The input.
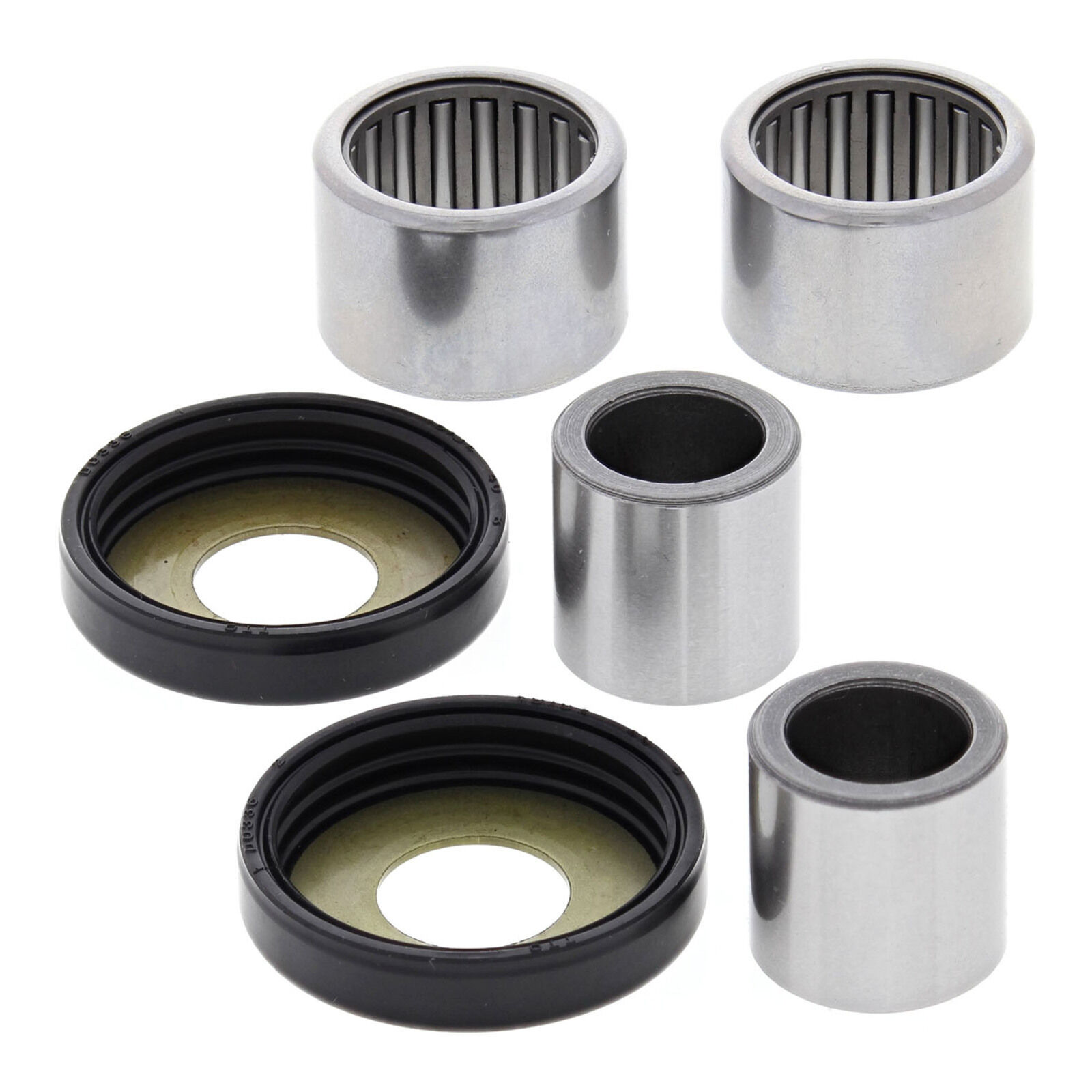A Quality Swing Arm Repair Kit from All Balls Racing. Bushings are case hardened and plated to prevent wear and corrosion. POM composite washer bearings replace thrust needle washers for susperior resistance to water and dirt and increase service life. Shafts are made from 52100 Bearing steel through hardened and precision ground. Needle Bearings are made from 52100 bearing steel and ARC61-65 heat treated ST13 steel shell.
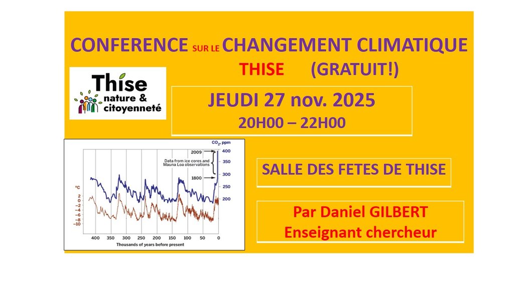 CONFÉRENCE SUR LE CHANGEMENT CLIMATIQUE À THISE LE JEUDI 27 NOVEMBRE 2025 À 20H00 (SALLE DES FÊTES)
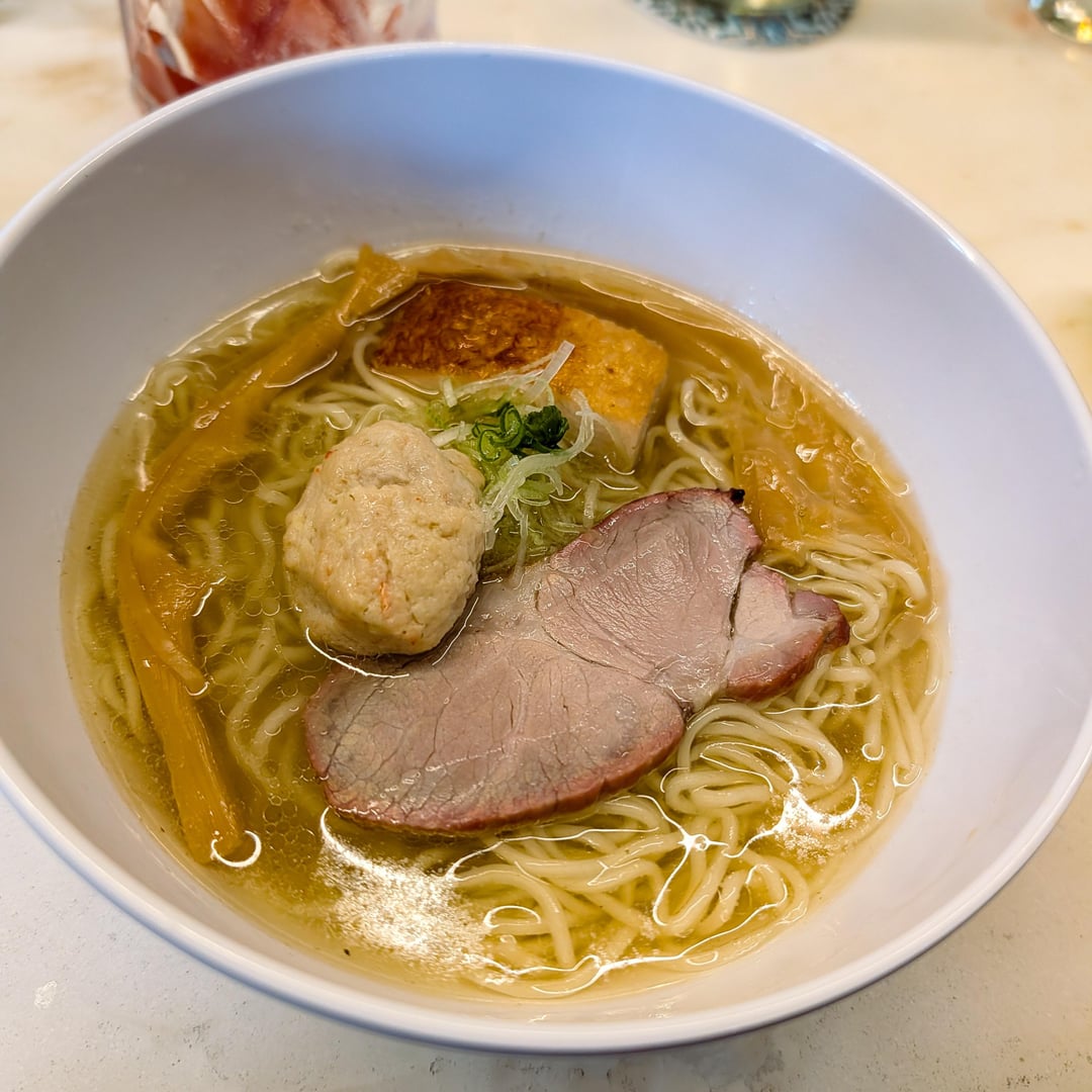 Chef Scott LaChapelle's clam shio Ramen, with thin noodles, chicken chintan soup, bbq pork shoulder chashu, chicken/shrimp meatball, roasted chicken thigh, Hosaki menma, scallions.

==

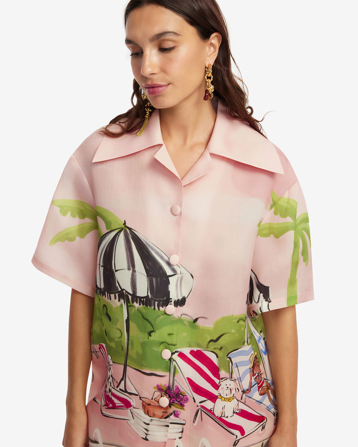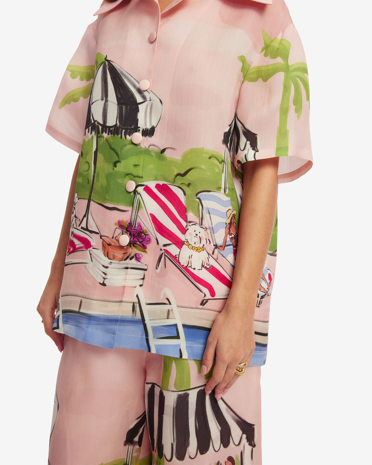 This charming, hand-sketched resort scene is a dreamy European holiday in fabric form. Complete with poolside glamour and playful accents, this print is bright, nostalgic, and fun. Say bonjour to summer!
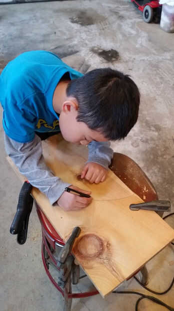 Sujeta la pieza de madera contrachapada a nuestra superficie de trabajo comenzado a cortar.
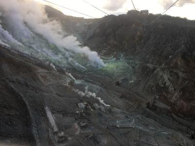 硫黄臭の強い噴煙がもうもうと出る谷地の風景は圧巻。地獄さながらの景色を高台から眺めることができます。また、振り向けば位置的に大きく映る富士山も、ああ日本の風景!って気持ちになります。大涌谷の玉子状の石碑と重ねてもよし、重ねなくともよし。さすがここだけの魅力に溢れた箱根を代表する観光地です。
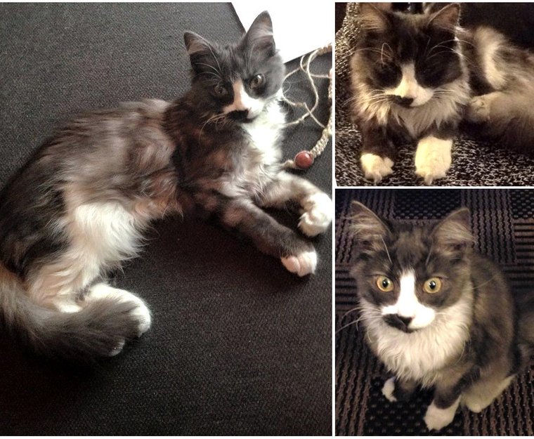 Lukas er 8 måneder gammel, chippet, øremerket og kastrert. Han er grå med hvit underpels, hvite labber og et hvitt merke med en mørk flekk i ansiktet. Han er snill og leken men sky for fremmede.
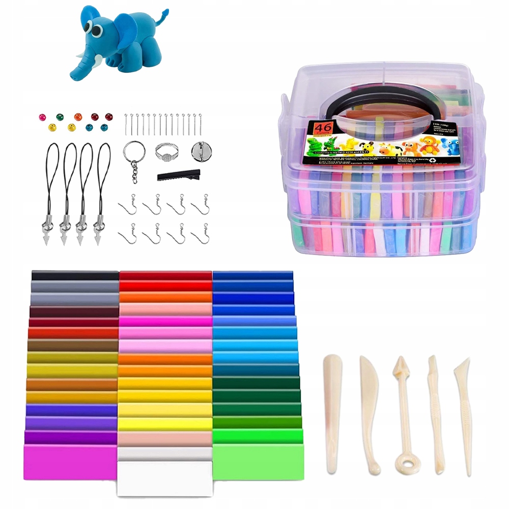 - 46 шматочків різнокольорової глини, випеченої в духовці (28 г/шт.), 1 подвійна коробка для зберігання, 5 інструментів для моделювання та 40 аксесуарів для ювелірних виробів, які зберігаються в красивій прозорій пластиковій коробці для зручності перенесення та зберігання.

Problem. Print exactly, with no pictures, the lines above from the one that holds "This charming, hand-sketched" through the one that holds "硫黄臭の強い噴煙がもうもうと", both of them included.

Solution to the problem.
 This charming, hand-sketched resort scene is a dreamy European holiday in fabric form. Complete with poolside glamour and playful accents, this print is bright, nostalgic, and fun. Say bonjour to summer!
 Sujeta la pieza de madera contrachapada a nuestra superficie de trabajo comenzado a cortar.
 硫黄臭の強い噴煙がもうもうと出る谷地の風景は圧巻。地獄さながらの景色を高台から眺めることができます。また、振り向けば位置的に大きく映る富士山も、ああ日本の風景!って気持ちになります。大涌谷の玉子状の石碑と重ねてもよし、重ねなくともよし。さすがここだけの魅力に溢れた箱根を代表する観光地です。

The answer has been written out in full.